● Task to carry out
Word for word, set down every line of the entries below from the line with "變送器的測(cè)量范圍等于" to the line with "Kdz. Ereğli Belediye", including both, and no other line.

● Entries provided
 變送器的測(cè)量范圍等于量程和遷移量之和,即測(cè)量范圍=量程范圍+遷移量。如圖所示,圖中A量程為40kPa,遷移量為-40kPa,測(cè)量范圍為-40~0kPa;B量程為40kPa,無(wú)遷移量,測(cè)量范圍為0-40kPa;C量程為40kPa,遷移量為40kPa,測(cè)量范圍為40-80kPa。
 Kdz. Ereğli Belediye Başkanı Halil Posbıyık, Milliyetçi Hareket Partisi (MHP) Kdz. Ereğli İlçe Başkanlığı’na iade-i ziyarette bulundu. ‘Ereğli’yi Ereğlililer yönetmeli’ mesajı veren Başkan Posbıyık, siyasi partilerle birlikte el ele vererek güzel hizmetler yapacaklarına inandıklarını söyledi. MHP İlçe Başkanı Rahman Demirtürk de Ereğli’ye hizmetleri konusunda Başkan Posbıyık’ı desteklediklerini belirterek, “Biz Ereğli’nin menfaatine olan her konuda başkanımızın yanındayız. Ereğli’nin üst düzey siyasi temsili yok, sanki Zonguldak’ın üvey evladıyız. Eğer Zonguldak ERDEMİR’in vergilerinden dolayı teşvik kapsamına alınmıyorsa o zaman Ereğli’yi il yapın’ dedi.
==
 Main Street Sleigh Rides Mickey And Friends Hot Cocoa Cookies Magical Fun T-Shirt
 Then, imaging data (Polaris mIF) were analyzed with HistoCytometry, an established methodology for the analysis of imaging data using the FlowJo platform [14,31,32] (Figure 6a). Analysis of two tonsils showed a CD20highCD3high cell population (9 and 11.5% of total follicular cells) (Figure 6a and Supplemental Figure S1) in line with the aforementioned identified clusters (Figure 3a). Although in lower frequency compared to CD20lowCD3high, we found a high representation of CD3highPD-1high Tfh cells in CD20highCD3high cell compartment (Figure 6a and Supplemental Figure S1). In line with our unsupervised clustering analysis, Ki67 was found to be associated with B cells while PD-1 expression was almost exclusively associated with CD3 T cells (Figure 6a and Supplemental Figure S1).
==
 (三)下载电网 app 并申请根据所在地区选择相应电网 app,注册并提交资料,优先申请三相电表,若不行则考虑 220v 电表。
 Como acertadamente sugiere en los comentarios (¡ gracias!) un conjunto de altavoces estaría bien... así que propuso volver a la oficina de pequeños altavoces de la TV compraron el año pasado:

● Answer space
 變送器的測(cè)量范圍等于量程和遷移量之和,即測(cè)量范圍=量程范圍+遷移量。如圖所示,圖中A量程為40kPa,遷移量為-40kPa,測(cè)量范圍為-40~0kPa;B量程為40kPa,無(wú)遷移量,測(cè)量范圍為0-40kPa;C量程為40kPa,遷移量為40kPa,測(cè)量范圍為40-80kPa。
 Kdz. Ereğli Belediye Başkanı Halil Posbıyık, Milliyetçi Hareket Partisi (MHP) Kdz. Ereğli İlçe Başkanlığı’na iade-i ziyarette bulundu. ‘Ereğli’yi Ereğlililer yönetmeli’ mesajı veren Başkan Posbıyık, siyasi partilerle birlikte el ele vererek güzel hizmetler yapacaklarına inandıklarını söyledi. MHP İlçe Başkanı Rahman Demirtürk de Ereğli’ye hizmetleri konusunda Başkan Posbıyık’ı desteklediklerini belirterek, “Biz Ereğli’nin menfaatine olan her konuda başkanımızın yanındayız. Ereğli’nin üst düzey siyasi temsili yok, sanki Zonguldak’ın üvey evladıyız. Eğer Zonguldak ERDEMİR’in vergilerinden dolayı teşvik kapsamına alınmıyorsa o zaman Ereğli’yi il yapın’ dedi.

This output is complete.